There are more opportunities on the table for us than ever before. It feels like we’re just getting started even though we’ve been at this for eight years and have delivered good consistent growth over that time period. Our goal and prioritization will be to allocate resources to those segments and those businesses that can drive the best compounded growth over decades as opposed to just a couple of years with the overall goal of an ROE that’s 20% to 30%. So as Chris mentioned, there’s a few things that turned out to be a lot bigger opportunity sooner than we thought and we’re going to allocate resources to those. Hope to be able to allocate resources to everything, but that’s unlikely, but feel great about the outlook.
Call Operator, SoFi Technologies: The next question comes from Dan Dola from Mizuho. Dan, your line is open. Please go ahead.
Dan Dola, Analyst, Mizuho: Hey, good morning, Anthony and Chris. So epic results here. Congrats on our end. Can we quickly discuss the tech platform and the Chime migration? That’s been a topic that we’ve been getting a lot of questions on.
So specifically, is the migration complete? And what is the impact on the overall accounts? So thanks again for any color.
Chris Lapointe, CFO, SoFi Technologies: Sure. I can take that Dan. So we don’t give guidance on tech platform accounts. What we have guided to is low double digit to teens revenue growth for the tech platform in 2025. And as I just mentioned that expectation has not changed up until this point.

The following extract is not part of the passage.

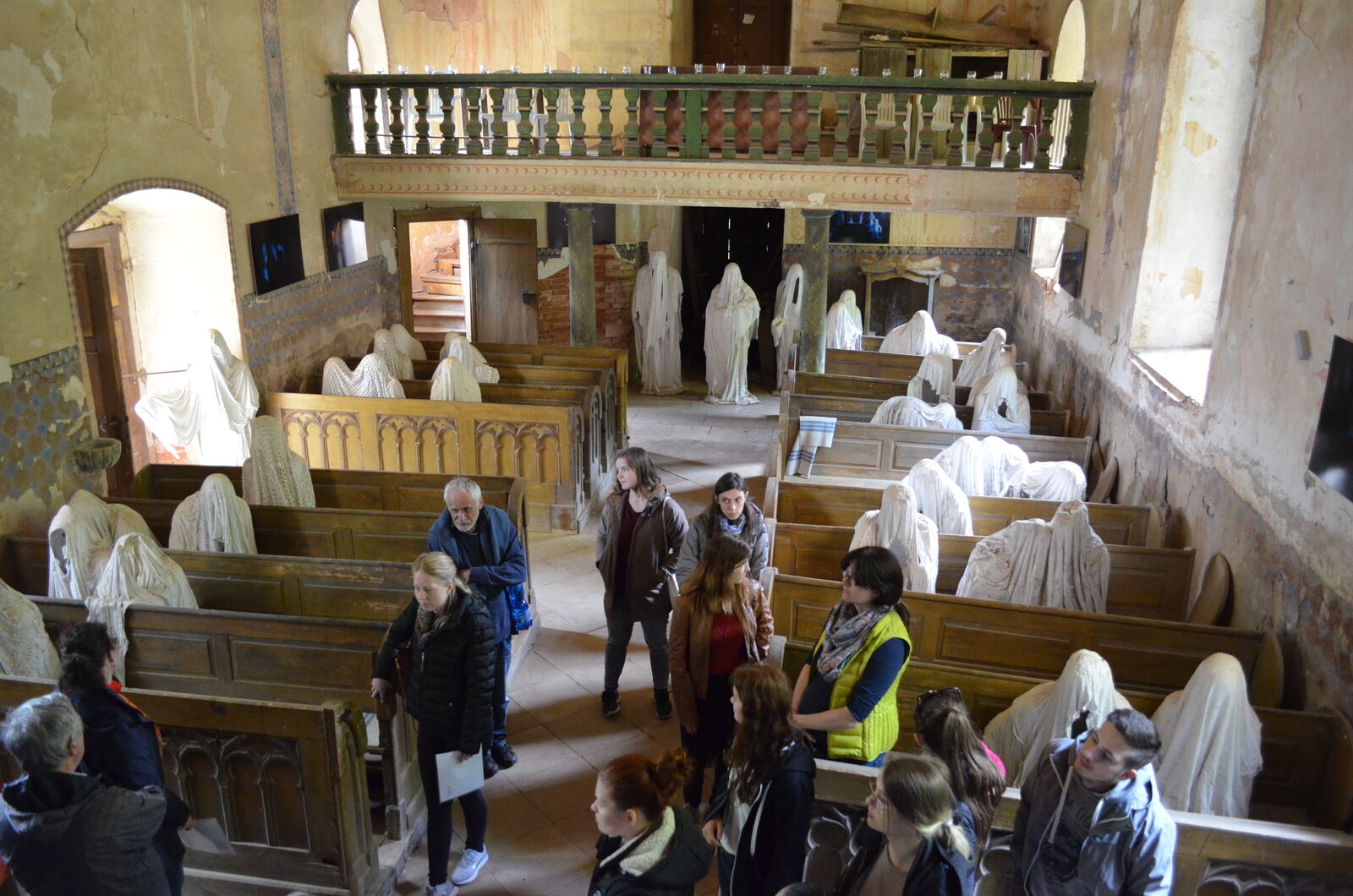 Pomyslnou tečkou za exkurzí byla návštěva kostela v malé vesničce Luková. Ve zdejším rozpadajícím se a dávno pro mše neužívaném kostele instaloval v roce 2012 v rámci své bakalářské práce student tehdejšího Ústavu umění a designu ZČU v Plzni Jakub Hadrava své sádrové sochy věřících. Působivé dílo má ohromný ohlas, do Lukové se sjíždějí fotografové a turisté doslova z celého světa. Kostel už podle všeho nespadne, střecha a strop jsou opravené, připravuje se rekonstrukce obvodového zdiva.

While migration is not complete, we have made really good progress on signing up new partners that are going to contribute in 2026 and the exact give and take of those new partners coming on board and the loss of any existing partners will be firmed up by year end and we’ll give a new update on guidance for all the in and outs after our Q4 twenty twenty five earnings call. We do anticipate as we’ve mentioned previously having approximately 10 new clients that are going to contribute revenue in Q1 twenty twenty six that did not contribute revenue in 2025.
Call Operator, SoFi Technologies: The next question comes from Andrew Jeffrey of William Blair. Andrew, your line is open. Please go ahead.

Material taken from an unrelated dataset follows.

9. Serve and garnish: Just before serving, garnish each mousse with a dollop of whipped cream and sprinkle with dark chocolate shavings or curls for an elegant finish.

Andrew Jeffrey, Analyst, William Blair: Hi, good morning. Appreciate you taking the question. Chris and or Anthony, whoever wants to take it, can you talk a little bit about sort of anticipated funding mix going forward? This was a very strong origination quarter, obviously, across the board. And the loan platform business is ramping really nicely, you also had excellent deposit growth.
So I just wonder if you can help us a little bit recognizing the very high, like sort of basically infinite returns on capital from the platform business versus the balance sheet and sort of how you think you’re going to use each going forward to sustain your growth?

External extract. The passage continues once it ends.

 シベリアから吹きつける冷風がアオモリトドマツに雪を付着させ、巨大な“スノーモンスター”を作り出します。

Anthony Noto, CEO, SoFi Technologies: Yes. Chris and I will tag team. The first thing I’d say is we really want to balance the different business lines to drive an optimized return on equity. We clearly are in a unique spot now on the origination platform where we’re not just selling our technology capabilities and originations based on loans that are in our credit box, but now outside our credit box for the first time. And that’s a whole new frontier for us.
And so the opportunity set there really is open ended because it’s capital light and capital light businesses as you mentioned drive better ROE. That said, we want to make sure we serve our members well and don’t just focus on the absolute percent sorry, the percentage of ROE, but the absolute dollars as well and having balance sheeted some of our loans for sale at a later point in time and generating the NIM is also contributing to our profitability and visibility both. So it’s a balancing act on both. I’ll turn it to Chris to talk about specific funding mix.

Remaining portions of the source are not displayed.